Tens of thousands of students at more than 30 universities and colleges in Beijing boycotted classes Monday to press demands for democratic reforms, student leaders said.

"All 21 universities in our coordinating committee were joined by more than 10 other schools," said a student leader at Beijing University.A rally of more than 4,000 students at the university stadium broke up in chaos after some activists accused a fellow organizer of being an infiltrator working for the authorities.

Residents of two provincial capitals - Xian and Changsha - said tension was running high there after rioting over the weekend linked to the death of former communist party leader Hu Yaobang.

Teachers in Changsha in Hunan Province quoted students as saying 300 to 400 people had been arrested and that rioting continued for a second day Sunday. Only a few students were involved.

A Changsha official said only 20 to 30 people had been arrested.

In the central city, Xian, foreign students said the authorities had stopped them leaving their campuses after rioting Saturday in which 130 policemen were injured, according to official accounts.

Residents spoke of unconfirmed reports that one policeman had died.

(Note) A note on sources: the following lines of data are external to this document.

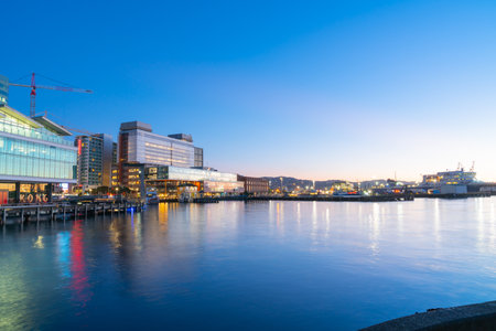 Wellington New Zealand _ July 28 2021;Wellington skyline at night from wharf with city lights, signs and reflections on harbor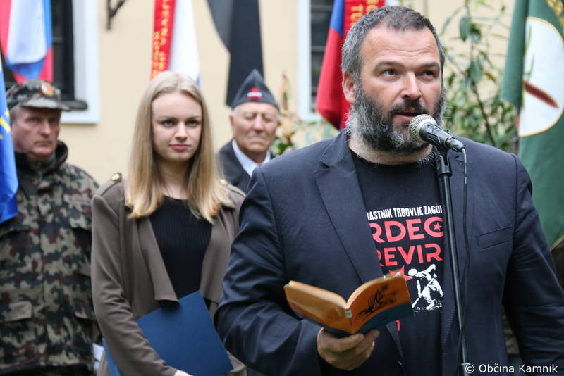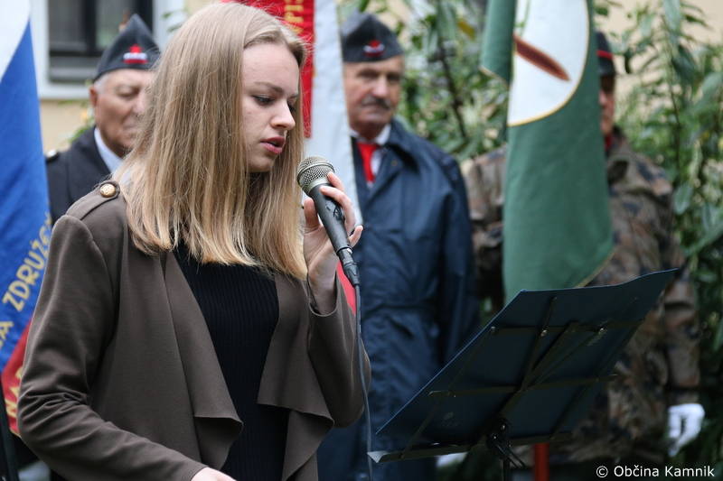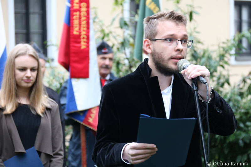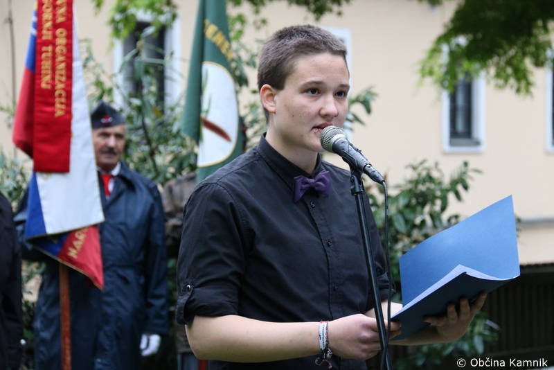 »Spoštovane in spoštovani, živeti moramo v tem trenutku in danes živimo v drugačnem času – v času, ko ne bomo spodbujali k uporu. Spodbudil pa bi vse k spoštovanju tistega, kar imamo in želel spomniti, da so v preteklosti posamezniki v tlakovanje našega današnjega dne položili tudi tisto najvrednejše – svoja življenja. Zato cenimo sedanji trenutek, spoštujmo današnji dan in spoštujmo to kar premoremo, veliko pa bi k večji povezanosti, spoštljivosti in enotnosti slovenskega naroda pripomogla tudi malo bolj povezovalna slovenska javna beseda. V preteklosti smo kot narod zmagovali lačni, goli in bosi, brez ustreznega orožja, v popolni negotovosti, danes pa siti in v objemu udobja tarnamo nad tem, kaj vse bi drugi morali storiti za nas. Ne sprašujmo se, zakaj se naše želje morda jutri ne bodo izpolnile, ko pa prenekatere posameznike njihove vrednote tudi na trenutek, kot je ta, vodijo vse kam drugam kot pa pokloniti se tukaj z nami – naši zgodovini, državi in narodu. Zaključil bi z razmišljanjem, da se nam morda na trenutke zdi, da se neuspeh pojavlja pogosteje kot uspeh, da je občutek pomanjkanja bolj razširjen kot bogastvo, ter da je razočaranje bolj običajno kot uresničitev pričakovanega. Neuspeh je neizogiben del uspeha in morebitni trenutni neuspeh ni nujno tudi dokončen. Glejmo nanj kot na začetek neke nove poti, če poti ni, si jo poizkusimo ustvariti, svoj uspeh pa presojajmo po tem, v kolikšni meri nam je dano uživati mir, zdravje in ljubezen. Vesel sem, da sem bil danes lahko del tega lepega dogodka, da sem vas lahko nagovoril kot državljan Republike Slovenije, Kamničan in hkrati predstavnik enote Slovenske vojske, ki domicilno pokriva tudi občino Kamnik. To priložnost bom izrabil tudi za izraz svojega osebnega občutka ponosa. Razlog zanj sem našel v svoji pripadnosti občini Kamnik, ki si z gospodom županom na čelu neprestano prizadeva za uravnotežen razvojni in kulturni napredek, ki je usmerjenem v dobrobit vseh prebivalcev in nikdar niti za trenutek ne pozabi pomembnosti pokloniti se zgodovinskemu spominu in naši domovini – Republiki Sloveniji. Želim vam lepo praznovanje jutrišnjega praznika in od vas pa se poslavljam z željo, da bi živeli s tistim, kar nas združuje, da bi svoje vrednote delili s kar največ ljudmi, ki jih danes ni tukaj in ponosno hodili po kamniških ulicah, ker smo lahko ponosni z razlogom. Srečno Kamnik in srečno Slovenija!«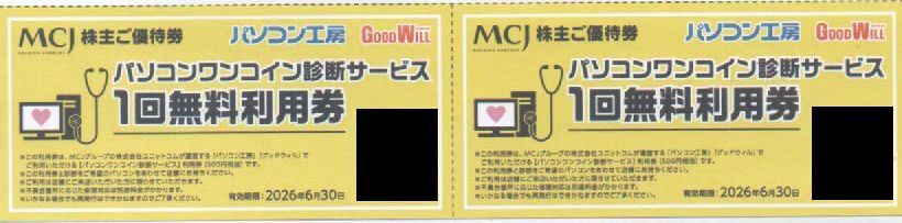 MCJ 株主優待券 パソコンワンコイン診断サービス1回無料利用券 2枚 有効期限:2026年6月30日 普通郵便・ミニレター対応可

A city spokeswoman said she did not know about it.

Hu's death of a heart attack April 15 ignited campus unrest and student rallies for reforms grew into the biggest demonstrations seen in the capital since 1976.

Around 100,000 people took part early on Saturday shortly before Hu's funeral, attended by China's top leaders.

Student leaders in Beijing said they were preparing leaflets to explain their cause to outsiders.

A poster at a university urged a letter campaign to friends and relatives throughout China to spread the news about the students' demands and protests.

"Striking is our final resort. We must strike with our whole heart. If we don't get freedom and democracy we won't stop the strike," proclaimed a poster at People's University.

Campus leaders planned to strike indefinitely.

Foreign teachers contacted at universities in other major cities said students were attending classes.

China's official media responded Monday to the student protests and rioting by promising more democracy but only at a pace dictated by the Communist Party.

The party newspaper People's Daily warned that "chaos under heaven" would be disastrous for China's modernization.

"How slowly is slowly?" asked a student leader. "We have to make sure slowly doesn't mean it doesn't come."